### [MATERIAL PROVIDED]

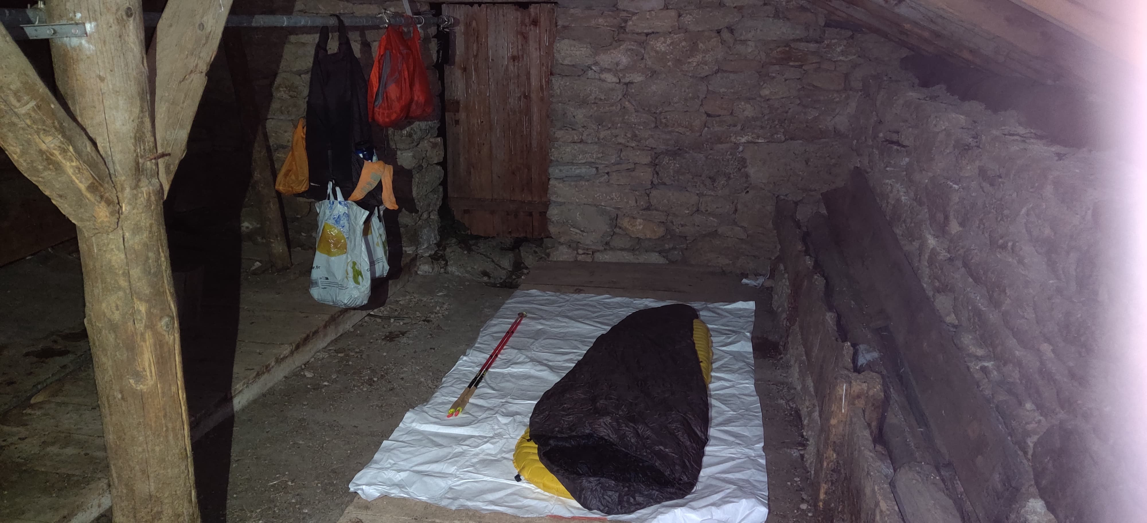 One mouse ran across the floor, clearly checking if I had dropped food, which made me a bit nervous. I didn’t want rodents keeping me awake, so I hung all my gear on a pipe in the middle of the barn and made a deal with the mouse not to bother me. It worked! I slept well, and in the morning, I left a small piece of baguette as rent for my little French roommate.
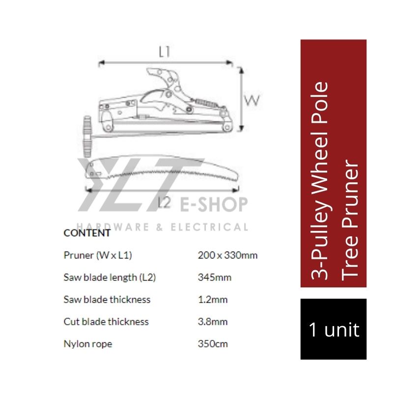 3-Pulley Wheel Pole Tree Pruner / Trimming Tree /Saw Tree / Rambutan Cutter gergaji tangkai pokok buah rambutan buah
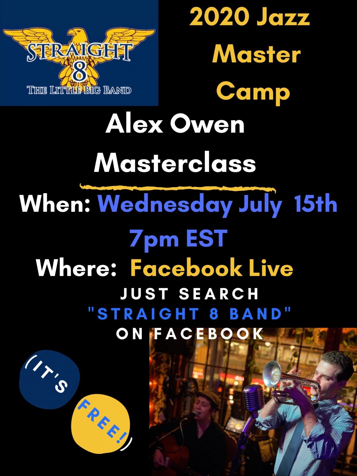 We have three great clinics this week on Wednesday, Thursday, and Friday at 6 PM (CDT). On Wednesday you’ll hear from NYC-based trumpeter Alex Owen who talks about traditional New Orleans music and give tips on bandleading. Thursday you’ll see guitarists Zakk Jones & Brandon Coleman play some duo tunes and discuss the very basics of soloing over a blues + much more. Finally, on Friday our 2020 Jazz Master Camp Director Zakk Jones will tell you all about his list of “Things That Don’t Take Talent.” These videos will be going live at 6 PM (CDT) Wednesday through Friday but they will be available to watch and rewatch at any time after that on Facebook or Youtube. Stay tuned for the next batch of amazing artists and be sure to tell your friends and family about this great free series.

### [EXERCISE INSTRUCTIONS]
Type out the data above again exactly as written, minus the images.

### [EXERCISE ANSWER]
 One mouse ran across the floor, clearly checking if I had dropped food, which made me a bit nervous. I didn’t want rodents keeping me awake, so I hung all my gear on a pipe in the middle of the barn and made a deal with the mouse not to bother me. It worked! I slept well, and in the morning, I left a small piece of baguette as rent for my little French roommate.
 3-Pulley Wheel Pole Tree Pruner / Trimming Tree /Saw Tree / Rambutan Cutter gergaji tangkai pokok buah rambutan buah
 We have three great clinics this week on Wednesday, Thursday, and Friday at 6 PM (CDT). On Wednesday you’ll hear from NYC-based trumpeter Alex Owen who talks about traditional New Orleans music and give tips on bandleading. Thursday you’ll see guitarists Zakk Jones & Brandon Coleman play some duo tunes and discuss the very basics of soloing over a blues + much more. Finally, on Friday our 2020 Jazz Master Camp Director Zakk Jones will tell you all about his list of “Things That Don’t Take Talent.” These videos will be going live at 6 PM (CDT) Wednesday through Friday but they will be available to watch and rewatch at any time after that on Facebook or Youtube. Stay tuned for the next batch of amazing artists and be sure to tell your friends and family about this great free series.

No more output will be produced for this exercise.